EXERCISE INSTRUCTIONS: Going through the material below, output exactly the lines from the one containing "Nestled in a" through the one containing "复制 explain SELECT", and no pictures.

Top of SOURCE DATA

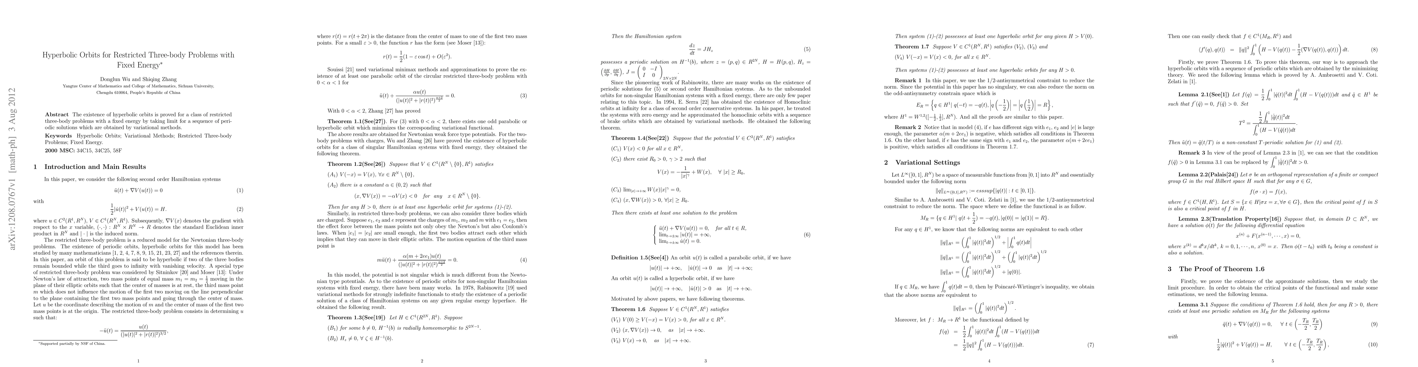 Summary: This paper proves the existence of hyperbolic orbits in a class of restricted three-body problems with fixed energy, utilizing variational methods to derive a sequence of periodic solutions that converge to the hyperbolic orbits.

Bottom of SOURCE DATA
Top of SOURCE DATA

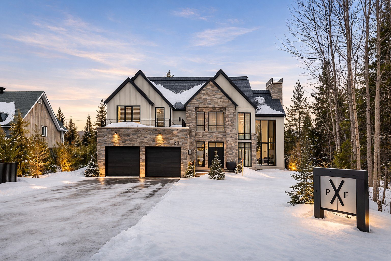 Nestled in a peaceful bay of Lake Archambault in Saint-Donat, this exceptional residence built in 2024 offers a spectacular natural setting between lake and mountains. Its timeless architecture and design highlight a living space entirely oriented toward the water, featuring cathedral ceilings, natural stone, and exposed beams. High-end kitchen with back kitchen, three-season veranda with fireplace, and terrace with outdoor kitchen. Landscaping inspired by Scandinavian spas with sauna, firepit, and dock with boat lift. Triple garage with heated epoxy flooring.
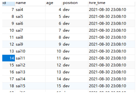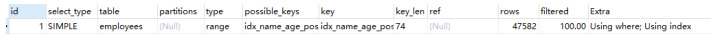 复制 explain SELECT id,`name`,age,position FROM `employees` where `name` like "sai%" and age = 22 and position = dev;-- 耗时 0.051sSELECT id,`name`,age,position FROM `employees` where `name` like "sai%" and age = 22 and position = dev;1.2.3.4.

Bottom of SOURCE DATA
Top of SOURCE DATA

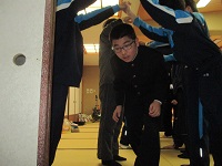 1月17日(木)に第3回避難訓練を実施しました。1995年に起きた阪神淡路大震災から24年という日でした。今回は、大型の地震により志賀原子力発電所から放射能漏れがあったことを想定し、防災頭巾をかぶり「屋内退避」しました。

Bottom of SOURCE DATA

ANSWER:
 Nestled in a peaceful bay of Lake Archambault in Saint-Donat, this exceptional residence built in 2024 offers a spectacular natural setting between lake and mountains. Its timeless architecture and design highlight a living space entirely oriented toward the water, featuring cathedral ceilings, natural stone, and exposed beams. High-end kitchen with back kitchen, three-season veranda with fireplace, and terrace with outdoor kitchen. Landscaping inspired by Scandinavian spas with sauna, firepit, and dock with boat lift. Triple garage with heated epoxy flooring.
 复制 explain SELECT id,`name`,age,position FROM `employees` where `name` like "sai%" and age = 22 and position = dev;-- 耗时 0.051sSELECT id,`name`,age,position FROM `employees` where `name` like "sai%" and age = 22 and position = dev;1.2.3.4.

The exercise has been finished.